Speaking of John Hart, he was one of the protégés of former Oriole general manager Hank Peters who died at the end of 2014. Peters, 90, had a distinguished career in the front office beginning with the St. Louis Browns, the Orioles’ lineal descendant.
He went on to work for Charlie Finley’s A’s in both Kansas City and Oakland. Peters was instrumental in signing the core of the Oakland great dynasty from 1972-1974 – Sal Bando, Reggie Jackson, and Joe Rudi.

Under Peters the Orioles survived the major defections of the first free agent class of 1976-77, notably Bobby Grich and Reggie Jackson, to stay in contention and win the AL pennants of 1979 and 1983. It was no coincidence that when Peters left the Birds for Cleveland after 1986, Baltimore sunk and the Indians rose to contention with such home-grown stars as Sandy Alomar Jr., Carlos Baerga, Manny Ramirez, and Jim Thome.

On the cusp of the new year, the baseball world also lost two notable nonagenarian scouts – the longtime Red Sox talent hunter Bill Enos and the Mariners’ Bill Kearns.

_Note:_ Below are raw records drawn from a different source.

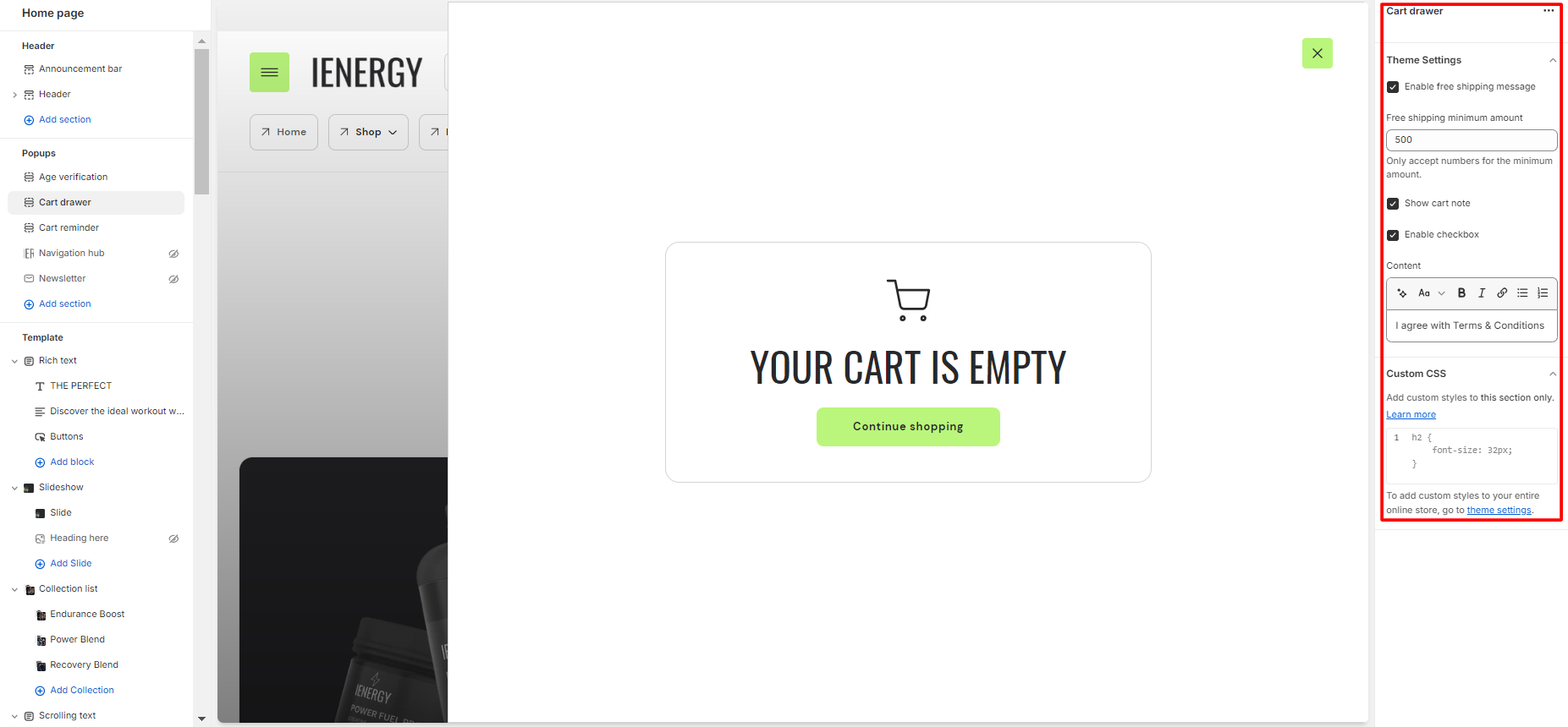 - Show Cart Note: Provide an option to display a note or message in the cart section.This note could include important information or instructions for customers, such as special promotions, delivery details, or return policies.
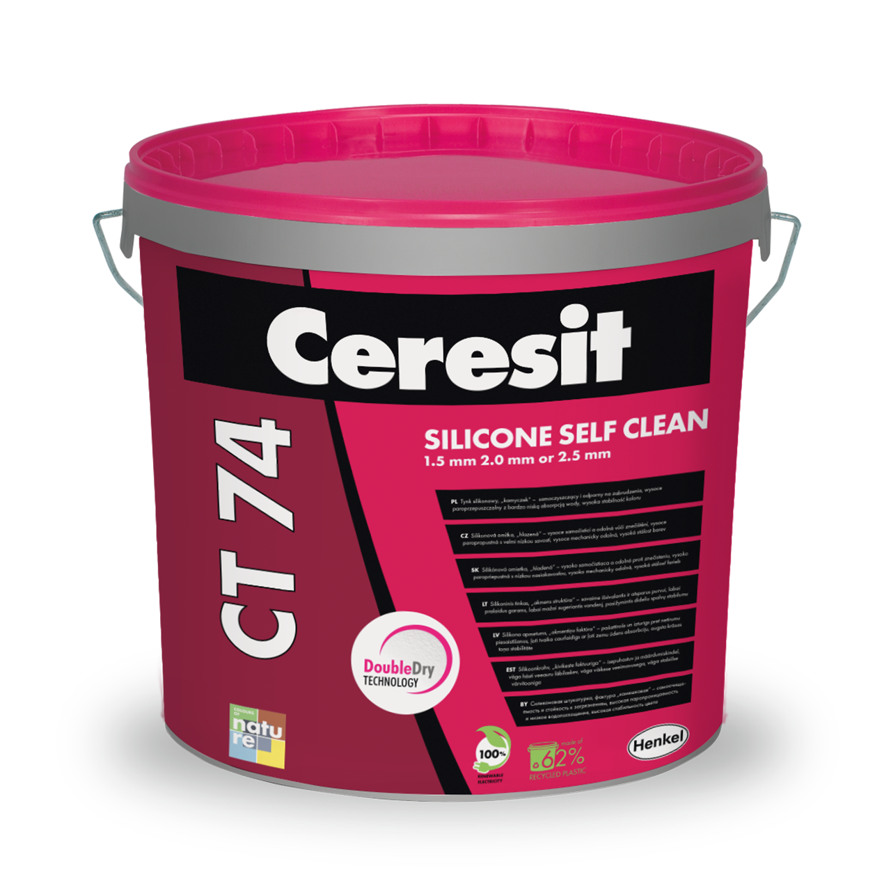 CERESIT CT 74 dekoratiivkrohvi kasutatakse õhukese kihi moodustamiseks betoon-, kips- ja puitlaastplaatpindadele, kipskartongplaatidele jne. Soovitame kasutada CT 74 fassaadikrohvina CERESIT SILS (krohvitud väliste soojusisolatsiooni liitsüsteemide) puhul EPS- (vahtpolüstüreen-) ja mineraalvillplaatide kasutamisel. CT 74 soovitatakse suurt veeauru läbilaskvust nõudvate vaheseinte jaoks. CT 74 on kaitstud bioloogiliste mõjurite (seened, hallitus ja vetikad) eest.
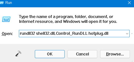 rundll32 shell32.dll,Control_RunDLL hotplug.dll

At the age of 92 Kearns was still working for Seattle when he suffered a ruptured aorta and drove himself to a Boston hospital where he passed away quietly.

I had the pleasure of conversing with Kearns when in the spring of 2013 the scouting profession was honored with a permanent exhibition at Cooperstown.
He was courtly, incisive, and modest. “I’m just a guy,” he often said, but those who knew him will never forget his grace and intelligence.

Stay warm, dear readers, and back to you soon with another YIBF installment focusing on the post-season dinners and clinics I have attended. Here's a tease.

At the 42nd annual BeTheBest baseball clinic in Cherry Hill, NJ earlier this month, Grand Canyon University coach Andy Stankiewicz had one of the great comments.
The former Yankee and Diamondback second baseman said that he couldn't relate to pro golfer or pro tennis players.

"I liked to pick up my teammates and have them pick me up,"he observed. You can see why that scrappy little guy, who never signed more than a one-year contract in his 14-year MLB career, is considered a comer in the coaching ranks.

BTW Grand Canyon is in Phoenix and happens to be the alma mater of Ron Polk class of 1965, another clinician in Cherry Hill. The irreverent Polk is the only coach to take three teams to the College World Series and is now the volunteer assistant at UAB - University of Alabama at Birmingham.